The turkey is weighed in kilograms the oven temperature is stated in Celsius and it looks like a million dollars, not British pound or Euros.
What he doesn't say is at the end soak your hands in bleach water because you have turkey subcutaneous material shoved under your fingernails, and using a bleach water saturated cloth wipe down the pepper mill you shoved into the turkey cavity.
I'm glad he didn't say, "now be sure to wash your hands thoroughly" as American cooks alway do because as I watch them sitting here at home I go, "Oh, shut up."
None of these video tell you what to do with the turkey carcass and the leg and wing bones. Year after year on both Thanksgiving and Christmas for fifty years plus, my mother wasted the carcass that could have been used for the best turkey stock that's possible. My parents didn't know about soup stock. Easy, and worth it. Break up the bones and roast them again to nearly black. Then put them in a pot with water and boil. Strain. Cool. Remove most the fat, and freeze the aspic in whatever shape that you want, using an ice cube tray, zip lock bags, storage containers, however you imagine using it, to make gravy, to moisten and flavor vegetables, for soup or whatever. Be a good carnivore and use the whole thing.
And your prayer can include, "Thank you turkey for giving your life to sustain mine. I did the best that I could to make you delicious and to use every part of you except your feet and your head beak and eyeballs and that weird squiggly thing on your neck. I even cooked your turkey butt in my gravy. Please forgive me for stuffing all that crap inside your cavity. I realize that was very rude. Amen."
3 comments:
Delicious.
Gordon is so full of energy. He looks like he's going to start flash dancing right there in the kitchen. Sort of an initial distraction. But it wears off as the camera adjusts to what his hands are doing.
I guarantee I will never be that happy in the kitchen. It's hard work and I'm a klutz. Takes me triple time.
Your comment, Dickin' started me watching this, but I became stuck at the cooking part, wondering how the heck the bird came out so brown after being in an oven for only ten minutes at 220. I thought the timing was off and was in for longer than that, not realizing the temp was C rather than F until I found the recipe online and realized it was 475F. Duh. The C was there all along when they showed the digital display on the oven, but I missed it.
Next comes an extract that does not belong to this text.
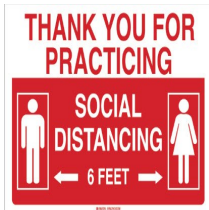
Social Distance Signage Call

https://wasabilips.com/2014/11/gordon-ramsays-turkey-with-gravy/
I too wish I was that peppy and competent working in the kitchen, as he makes it look easy, fun and delicious. Almost enough to make me want to try cooking it that way, though we'll probably go with MrM's tried and true brined turkey on the grill. I'm presently still contemplating ChipA's sweet potatoes, when I'd already conceded earlier in the week to using canned yams.
Appreciating the recipes. Also finished up watching the A Place to Call Home series last month, courtesy of Dickin's mention.
OK this is it. MrM is unable to locate the wood chips used for smoking the turkey on the grill He thought we'd packed them when we moved in May but I'm guessing he threw them away with the thought of buying fresh when needed. Since we can't find them and Gordon's recipe was conveniently within reach when the chips came up missing, we'll be doing a new thing in our new home and giving that recipe a try. I'm kind of pleased about this turn of events.